Yes, I confess I'm two clowns short of a circus.

I'm trying to write a search script for a small CSV database. Its not complex enought to warrant SQL.

Basically, I want to check the incoming string from the form against the following logic:

I want to be able to make a true/false against this to either continue the search script or warn the user to put more text into the search.

A generic regex that you can add more allowed charachters to and alter the min/max size would be good as I think this gets used a lot.

- Jed

  • Comment on Makeing rules in Regex for string content and size

Replies are listed 'Best First'.
Re: Making rules in Regex for string content and size
by Corion (Patriarch) on Jun 05, 2000 at 14:05 UTC

    Such a regular expression is quite simple to make (see perlre for a long explanation). First we start with the RE for one single allowed character. To match a set or a range of characters, we must use the [ and ] chars :

    [A-Z0-9 ,"&-']
    Now we want this RE to match at least four and at maximum 16 characters :
    /^[A-Z0-9 ,"&-']{4,16}$/
    The braces tell Perl to match the previous part of the RE (our set of valid characters) at least 4 times and at maximum 16 times.

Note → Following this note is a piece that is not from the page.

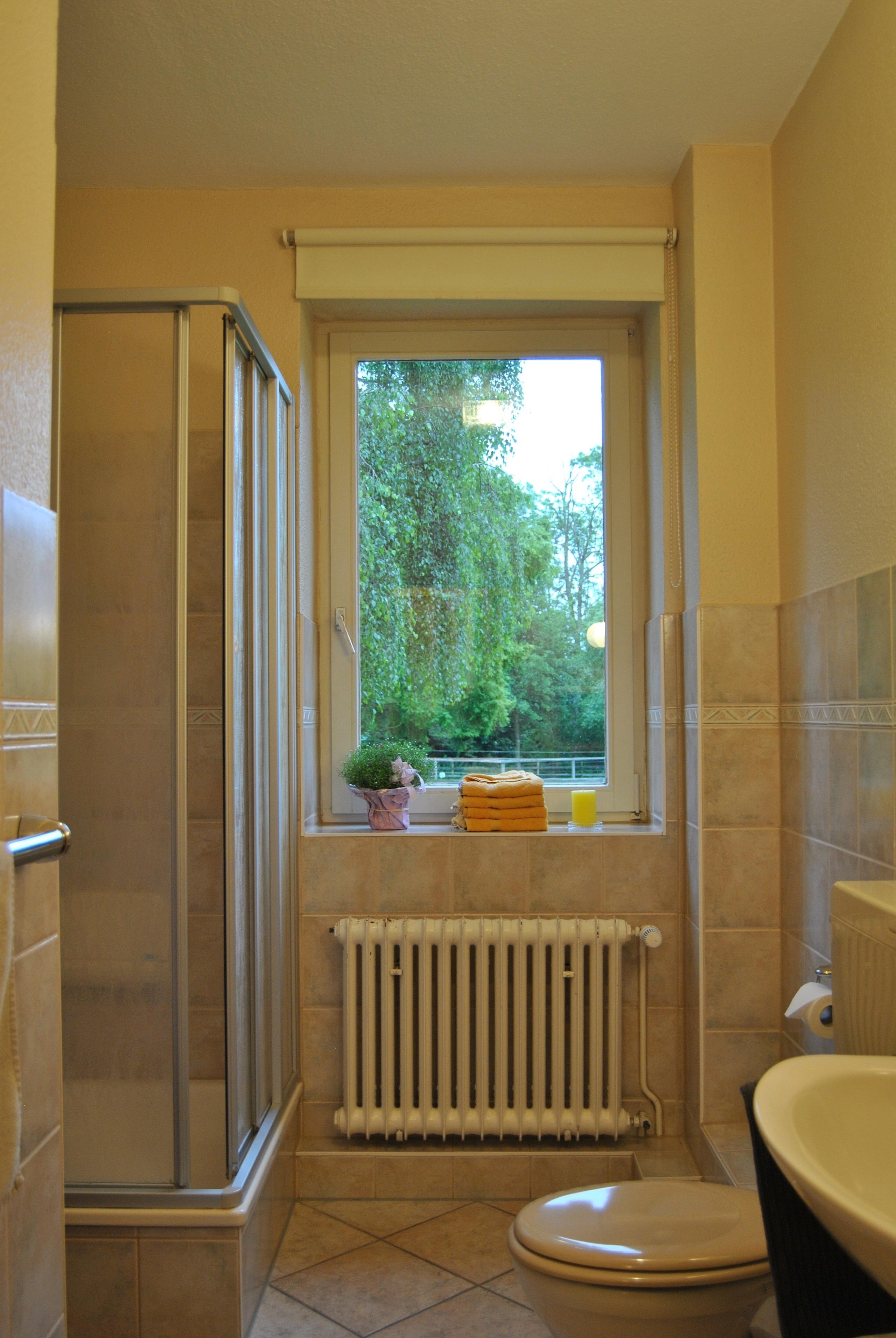 Das Duschbad ist mit einem großen Fenster ausgestattet und sorgt somit für viel Licht.

    There are of course other ways, for example the more clumsy way of doing it like this :

    # Please excuse the long line ;) /^[A-Z0-9 ,"&-'][A-Z0-9 ,"&-'][A-Z0-9 ,"&-'][A-Z0-9 ,"&-'][A-Z0-9 ," +&-']?[A-Z0-9 ,"&-']? ... repeat total 12 times ... [A-Z0-9 ,"&-']?$/
    Here, the ? tells Perl to optionally match the previous set, in fact, the ? is equivalent to {0,1}.

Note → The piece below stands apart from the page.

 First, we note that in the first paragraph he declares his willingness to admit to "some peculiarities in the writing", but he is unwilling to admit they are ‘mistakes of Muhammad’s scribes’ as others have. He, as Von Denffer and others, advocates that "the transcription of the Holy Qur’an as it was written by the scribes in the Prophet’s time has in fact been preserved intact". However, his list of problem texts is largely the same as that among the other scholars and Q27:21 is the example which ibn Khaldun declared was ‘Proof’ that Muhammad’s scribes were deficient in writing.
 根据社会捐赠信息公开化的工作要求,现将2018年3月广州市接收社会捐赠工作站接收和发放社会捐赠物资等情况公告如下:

    If you find yourself struggling with REs often, you might want to take a look at Mastering Regular Expressions by Jeffrey Friedel (It is published by O'Reilly, and has a big owl on the cover) - this book covers everything about REs, but I don't know how good it is for beginners.

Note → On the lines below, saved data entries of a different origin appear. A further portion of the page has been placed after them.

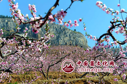 赏桃红烂漫如海,看崮山仰望蓝天,蟠桃盛宴让天庭汗颜,玉液琼浆醉倒八仙,千年追寻的世外桃园,远在天边,近在崮山。
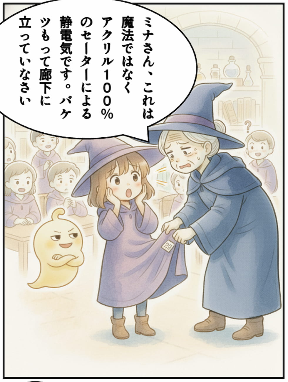 ミナさん、これは魔法ではなくアクリル100%のセーターによる静電気です。
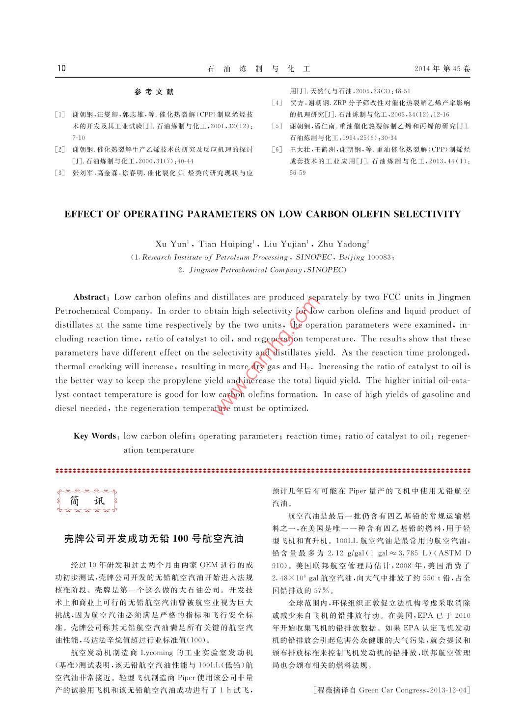 - 期刊名字:石油煉制與化工

    Update: Here is a direct link to the book.

    Update: perlcgi told me that lowercase characters should be allowed as well. D'oh ;) Here we go again :

    # The set for the characters gets changed : [A-Za-z0-9 ,"&-'] # and the RE then looks like this : /^[A-Za-z0-9 ,"&-']{4,16}$/ # and we can modify the RE, so that A-Z also matches # a-z with the "i"-modifyer : /^[A-Z0-9 ,"&-']{4,16}$/i # or equivalent /^[a-z0-9 ,"&-']{4,16}$/i

      You should escape the - in the character class, or it will match all characters from & to ' which is not really what you want, is it?
      [A-Z0-9 ,"&\-']
      would be the correct form if I am right.
        You can just stick it anywhere that it won't be interpreted as part of a range so:
        [-A-Z0-9 ,"&'] or even [A-Z-0-9 ,"&']
        Will work

        Nuance

Re: Makeing rules in Regex for string content and size
by perlcgi (Hermit) on Jun 05, 2000 at 14:20 UTC
    A slightly shorter version of corion's nice explanation above would be:
     /^[\w ,"&-']{4,16}$/ Updated: Caveat - This will also allow underscores which is probably not what you want. Kudos to corion
      then why not just do: /^A-Z0-9 ,"&-'{4,16}$/i in the first place
      then why not just do: /^[A-Z0-9 ,"&\-']{4,16}$/i in the first place
Re: Makeing rules in Regex for string content and size
by antihec (Sexton) on Jun 05, 2000 at 14:11 UTC
    Could you show us what you tried, and why that won't work?
    I think pointing you to perlman:perlre is good enough for a start, else you won't learn too much :-)
    -- bash$ :(){ :|:&};: